Collection entries
☆ ☆ ☆

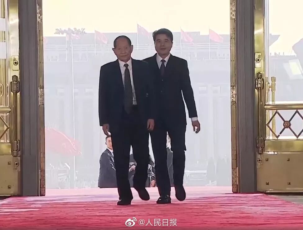 共和国勋章获得者进入人民大会堂。图源:人民日报微博
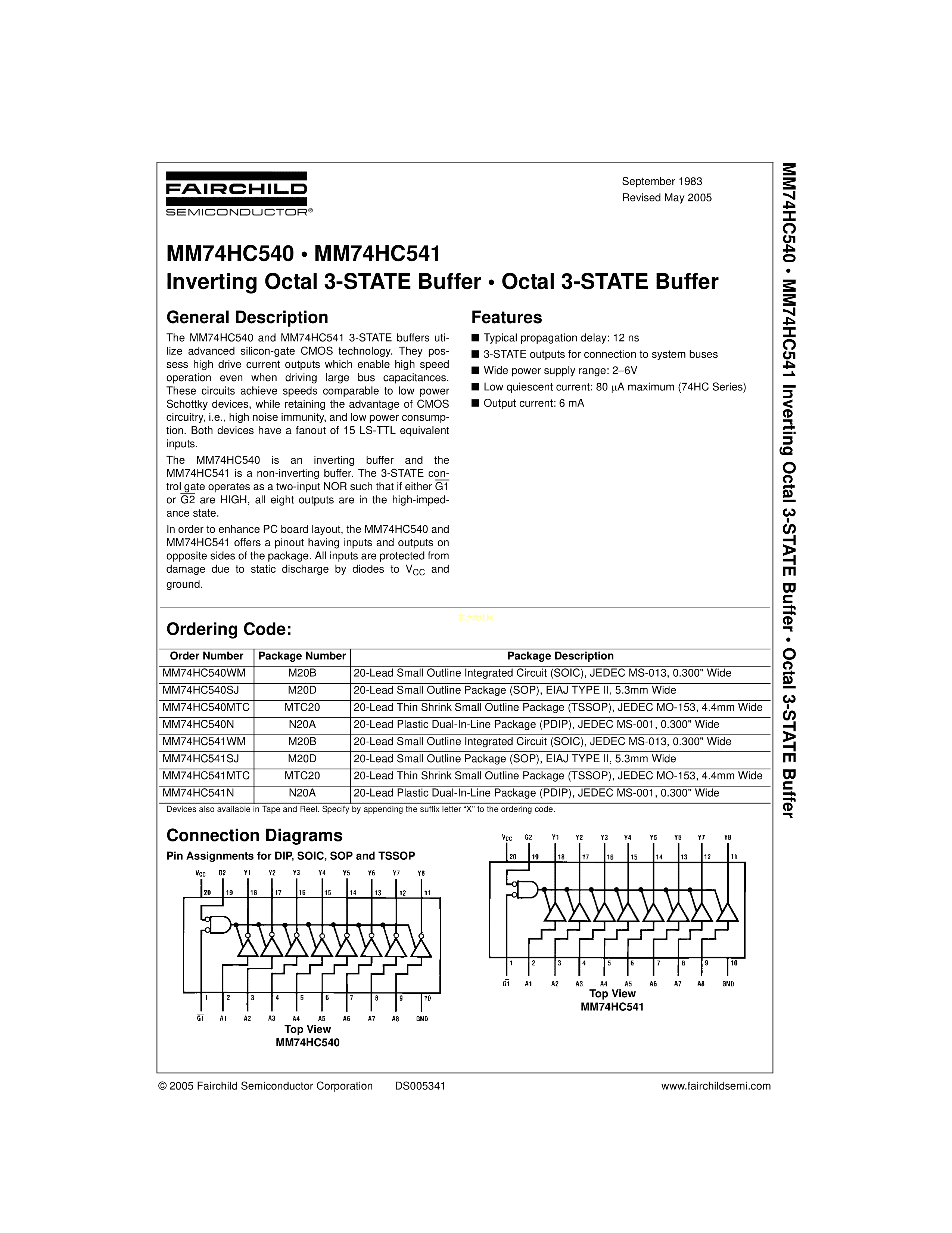 MM74HC541SJ数据手册SOP-20封装onsemi(安森美)PDF规格书,中英文下载
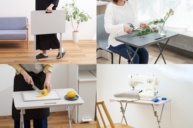 「家の中でどんなときに作業スペースが欲しくなるのか」を市場の声をもとに分析したところ、狭いキッチンでの調理、ミシン作業、子どものお絵かきや工作、観葉植物のお手入れなど、ダイニングテーブルでは汚れやキズが気になるシーンが多いことが分かりました。 そこでKEYUCAでは【必要なときに、必要な場所に、楽に運べてサッと使える】をテーマに、軽量で持ち運びやすく、お手入れしやすい設計の折りたたみデスクを開発。ハンドル付きで女性でも運びやすく、折りたたむと厚さわずか3.5cmでスリムに収納可能。必要なときにサッと広げて使える便利さが魅力の商品です。 今回、お客様から寄せられた「部屋になじむ優しい色がほしい」という声を受け、インテリアに溶け込みやすい新カラーとしてリニューアル。暮らしの幅広いシーンに寄り添い、より快適な時間をお届けします。
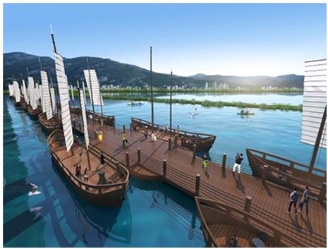 中國船舶川東造船完成滇池綠道橋腳舟項目景觀浮橋現(xiàn)場安裝
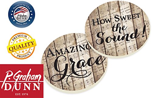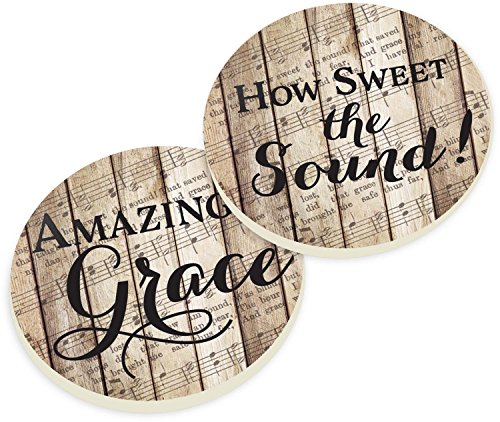 Amazing Grace How Sweet the Sound on Faded Sheet Music 2 Piece Ceramic Car Coaster Set
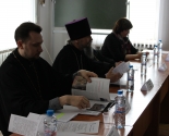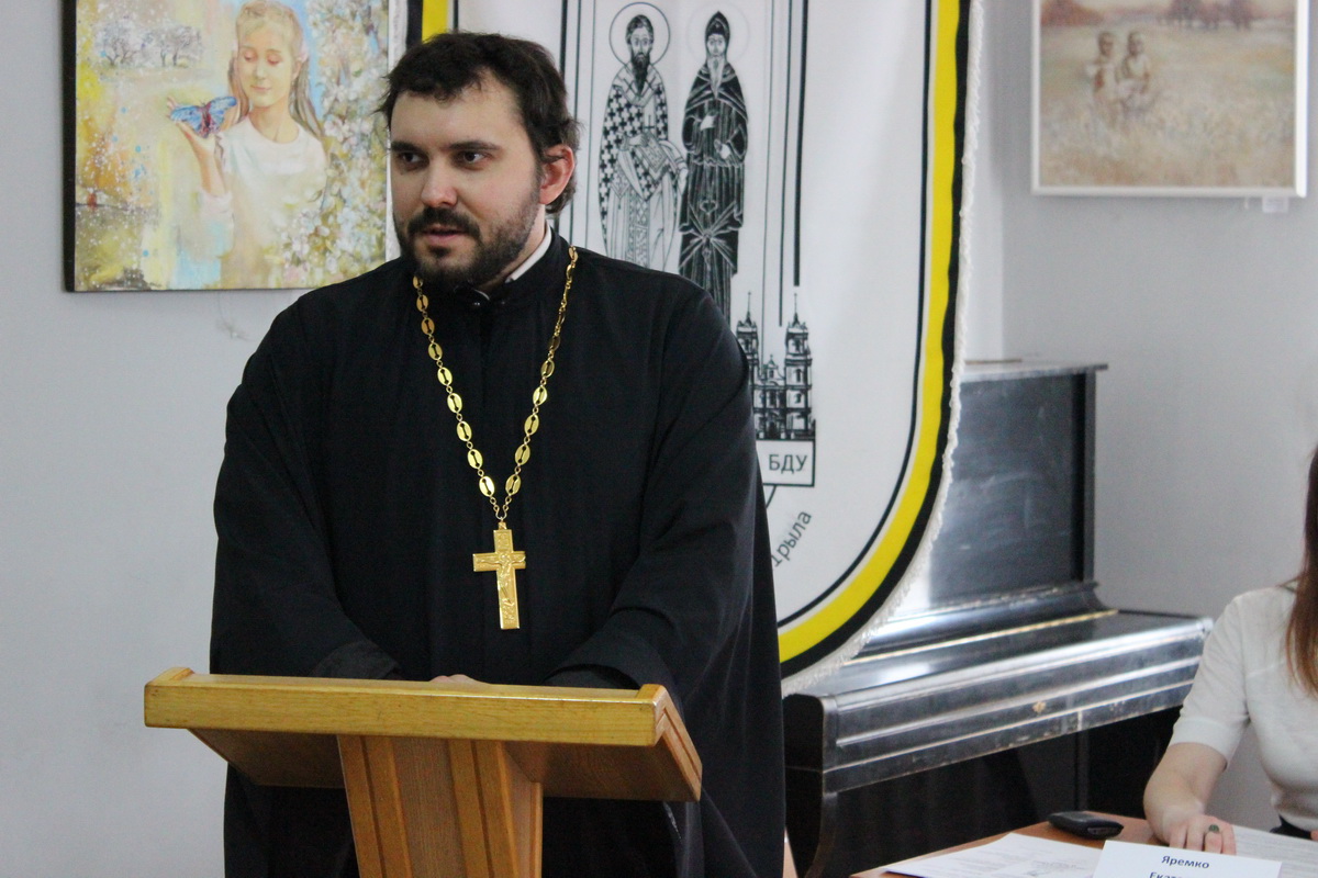Священник Святослав Рогальский, председатель МОО «Христианский образовательный центр имени свв. Мефодия и Кирилла, настоятель прихода храма святых равноапостольных Мефодия и Кирилла, познакомил слушателей с документом Русской Православной Церкви «Об участии верных в Евхаристии».
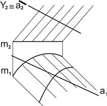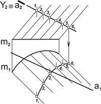 Пересечение поверхности прямой линией Для нахождения точек пересечения прямой с какой-либо поверхностью необходимо провести через данную прямую вспомогательную плоскость, после чего найти линию пересечения этой вспомогательной плоскости с данной поверхностью. Точки пересечения полученной линии с данной прямой и будут искомыми точками пересечения прямой с поверхностью. Обычно в качестве вспомогательной плоскости выбирают проецирующую плоскость, проходящую через данную прямую. Поскольку линия пересечения поверхности с проецирующей плоскостью строится проще, чем с плоскостью общего положения (табл. 7.5). Таблица 7.5
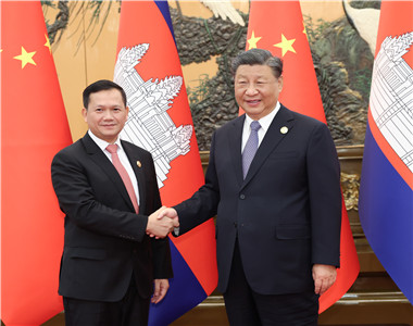 Xi Jinping Meets with Prime Minister of Cambodia Hun ManetChina is ready to uphold the principle of "planning together, building together, and benefiting together", enhance synergy between the Belt and Road Initiative and Cambodia's Pentagonal Strategy, flesh?out?the China-Cambodia "diamond hexagon" cooperation framework at a faster pace, build well?the "Industrial Development Corridor" and the "Fish and Rice Corridor", and push for the implementation of more projects that benefit the people.
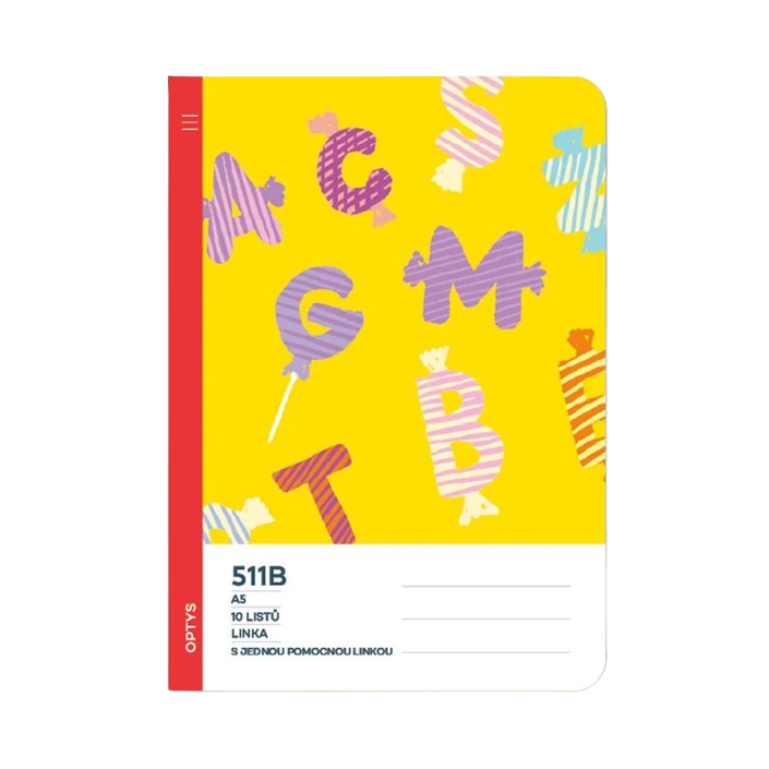 Školní sešit 511B - Písmena - A5, linkovaný, 10 listů s pomocnou linkou - 2157
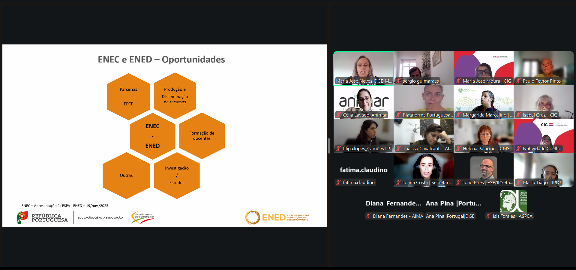 Decorreu hoje, 19 de novembro DE 2025, entre as 10h00 e as 11h30, o segundo webinar dirigido às Entidades Subscritoras do Plano de Ação (ESPA) da ENED 2025-2030, reunindo 19 participantes.
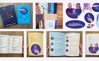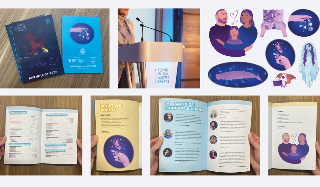 I have designed the Poetry Anthology for The Young Muslim Writers Awards from 2021-2023. Each anthology features around 20 hand-drawn illustrations to accompany the poems shortlisted for awards. The illustrations are drawn in ProCreate and the Anthology itself is compiled using InDesign. I always enjoy working on this project, as it is fun and wholesome to bring a child's imagination to life!
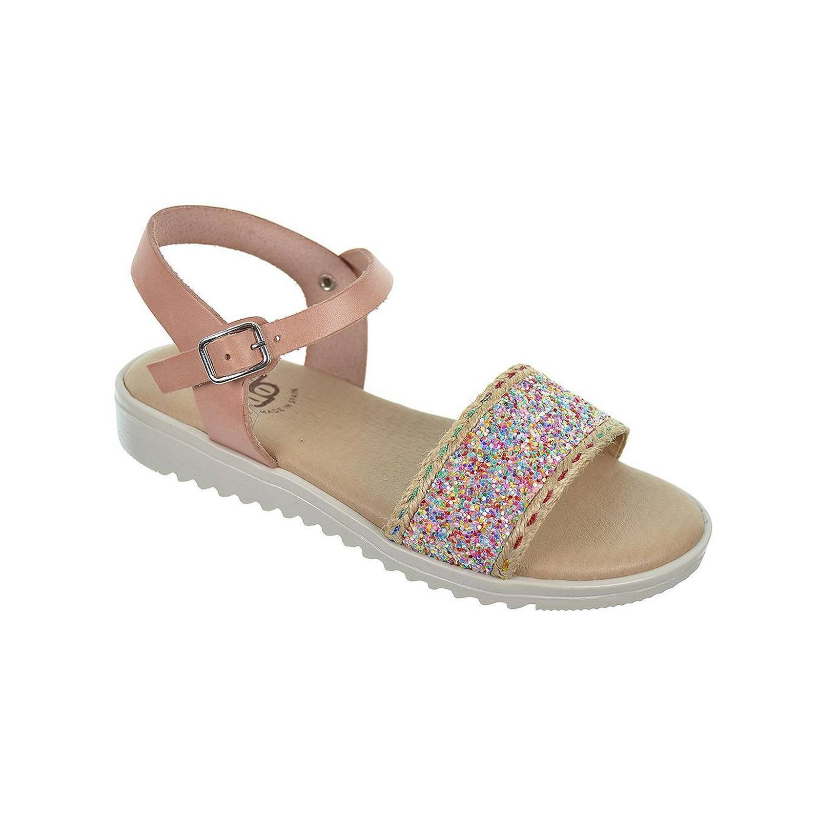2358 Crecendo Sandalia en piel con pala glitter de colores, cierre en pulsera con hebilla regulable y plantilla de piel. Suela con goma antideslizante.Tus sandalias para este verano.
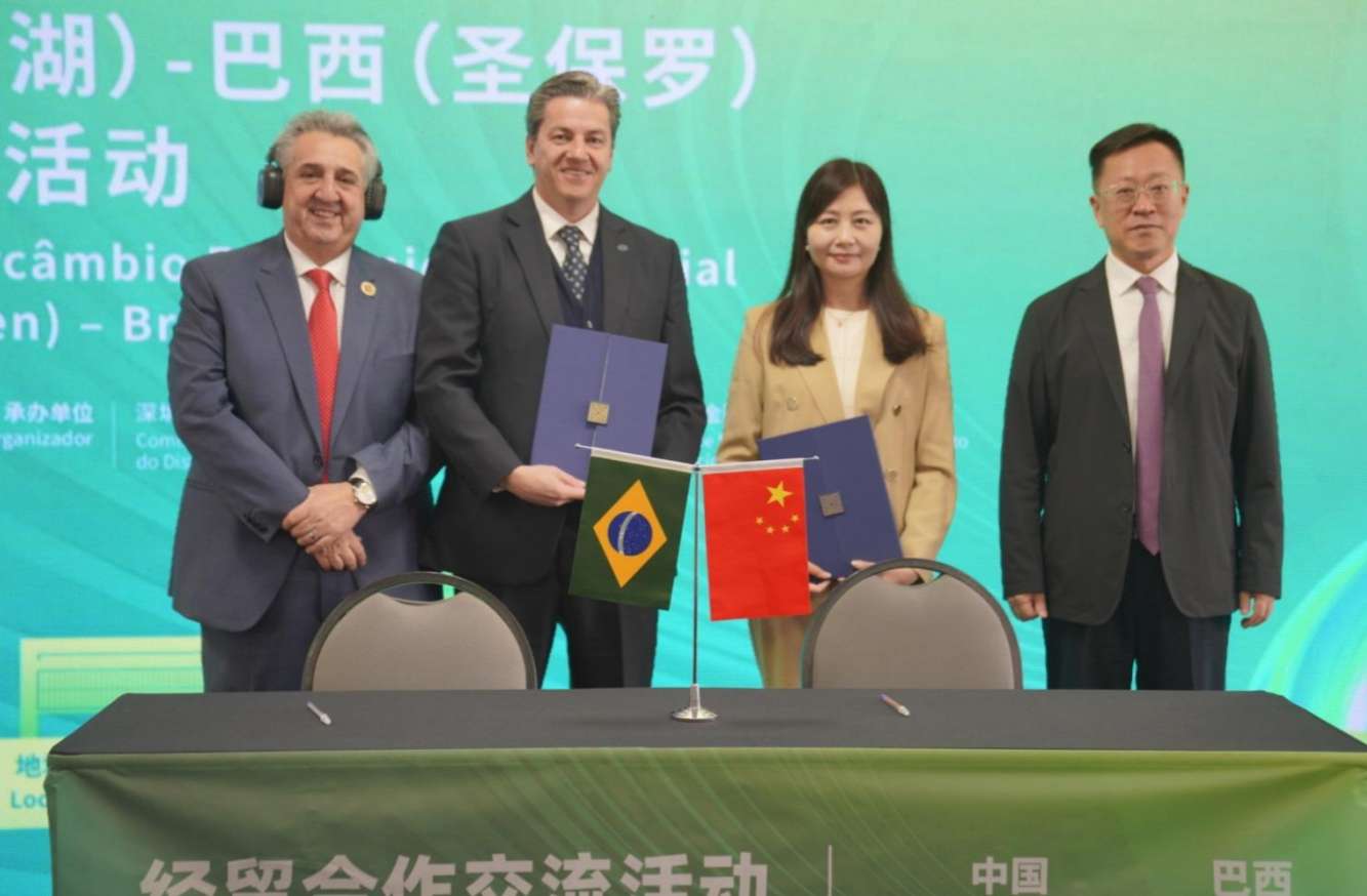 活动现场举行了合作签约仪式。深圳市罗湖区金融服务署与巴西国家服务业联合会签署合作协议,双方将在现代服务业、科技创新及金融交流等领域建立长效合作机制。此次签约标志着罗湖区与巴西工商界的合作迈上新台阶,也为未来在资本市场互联、金融科技创新及产业投资合作等领域奠定了坚实基础。
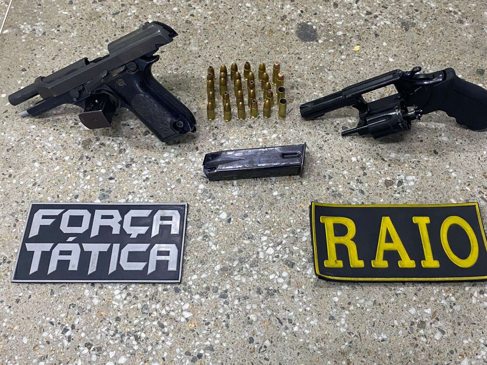Durante a fuga, os suspeitos deixaram pelo caminho uma pistola Beretta PT92 calibre 9mm, um revólver calibre .38, 27 munições de diversos calibres, três capacetes e uma motocicleta Honda Bros de cor preta, com queixa de roubo e, também, utilizada na ação criminosa.
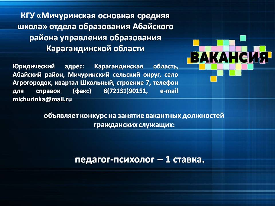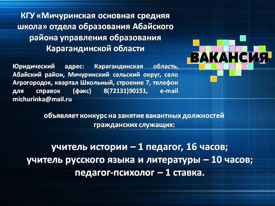 Итоги конкурса на вакансию в Мичуринской ОСШ
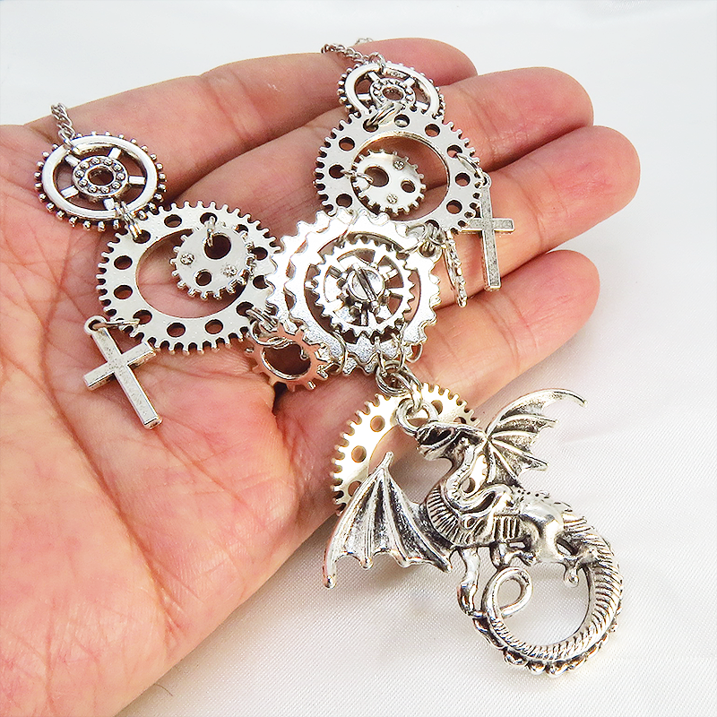 時空を超えた冒険へ。アンティークシルバーの多層スチームパンクネックレス

☆ ☆ ☆

## YOUR GOAL
What you produce should repeat the data word for word while omitting all images.

## OUTPUT FOR THIS EXERCISE
 共和国勋章获得者进入人民大会堂。图源:人民日报微博
 MM74HC541SJ数据手册SOP-20封装onsemi(安森美)PDF规格书,中英文下载
 「家の中でどんなときに作業スペースが欲しくなるのか」を市場の声をもとに分析したところ、狭いキッチンでの調理、ミシン作業、子どものお絵かきや工作、観葉植物のお手入れなど、ダイニングテーブルでは汚れやキズが気になるシーンが多いことが分かりました。 そこでKEYUCAでは【必要なときに、必要な場所に、楽に運べてサッと使える】をテーマに、軽量で持ち運びやすく、お手入れしやすい設計の折りたたみデスクを開発。ハンドル付きで女性でも運びやすく、折りたたむと厚さわずか3.5cmでスリムに収納可能。必要なときにサッと広げて使える便利さが魅力の商品です。 今回、お客様から寄せられた「部屋になじむ優しい色がほしい」という声を受け、インテリアに溶け込みやすい新カラーとしてリニューアル。暮らしの幅広いシーンに寄り添い、より快適な時間をお届けします。
 中國船舶川東造船完成滇池綠道橋腳舟項目景觀浮橋現(xiàn)場安裝
 Amazing Grace How Sweet the Sound on Faded Sheet Music 2 Piece Ceramic Car Coaster Set
Священник Святослав Рогальский, председатель МОО «Христианский образовательный центр имени свв. Мефодия и Кирилла, настоятель прихода храма святых равноапостольных Мефодия и Кирилла, познакомил слушателей с документом Русской Православной Церкви «Об участии верных в Евхаристии».
 Пересечение поверхности прямой линией Для нахождения точек пересечения прямой с какой-либо поверхностью необходимо провести через данную прямую вспомогательную плоскость, после чего найти линию пересечения этой вспомогательной плоскости с данной поверхностью. Точки пересечения полученной линии с данной прямой и будут искомыми точками пересечения прямой с поверхностью. Обычно в качестве вспомогательной плоскости выбирают проецирующую плоскость, проходящую через данную прямую. Поскольку линия пересечения поверхности с проецирующей плоскостью строится проще, чем с плоскостью общего положения (табл. 7.5). Таблица 7.5
 Xi Jinping Meets with Prime Minister of Cambodia Hun ManetChina is ready to uphold the principle of "planning together, building together, and benefiting together", enhance synergy between the Belt and Road Initiative and Cambodia's Pentagonal Strategy, flesh?out?the China-Cambodia "diamond hexagon" cooperation framework at a faster pace, build well?the "Industrial Development Corridor" and the "Fish and Rice Corridor", and push for the implementation of more projects that benefit the people.
 Školní sešit 511B - Písmena - A5, linkovaný, 10 listů s pomocnou linkou - 2157
 Decorreu hoje, 19 de novembro DE 2025, entre as 10h00 e as 11h30, o segundo webinar dirigido às Entidades Subscritoras do Plano de Ação (ESPA) da ENED 2025-2030, reunindo 19 participantes.
 I have designed the Poetry Anthology for The Young Muslim Writers Awards from 2021-2023. Each anthology features around 20 hand-drawn illustrations to accompany the poems shortlisted for awards. The illustrations are drawn in ProCreate and the Anthology itself is compiled using InDesign. I always enjoy working on this project, as it is fun and wholesome to bring a child's imagination to life!
2358 Crecendo Sandalia en piel con pala glitter de colores, cierre en pulsera con hebilla regulable y plantilla de piel. Suela con goma antideslizante.Tus sandalias para este verano.
 活动现场举行了合作签约仪式。深圳市罗湖区金融服务署与巴西国家服务业联合会签署合作协议,双方将在现代服务业、科技创新及金融交流等领域建立长效合作机制。此次签约标志着罗湖区与巴西工商界的合作迈上新台阶,也为未来在资本市场互联、金融科技创新及产业投资合作等领域奠定了坚实基础。
Durante a fuga, os suspeitos deixaram pelo caminho uma pistola Beretta PT92 calibre 9mm, um revólver calibre .38, 27 munições de diversos calibres, três capacetes e uma motocicleta Honda Bros de cor preta, com queixa de roubo e, também, utilizada na ação criminosa.
 Итоги конкурса на вакансию в Мичуринской ОСШ
 時空を超えた冒険へ。アンティークシルバーの多層スチームパンクネックレス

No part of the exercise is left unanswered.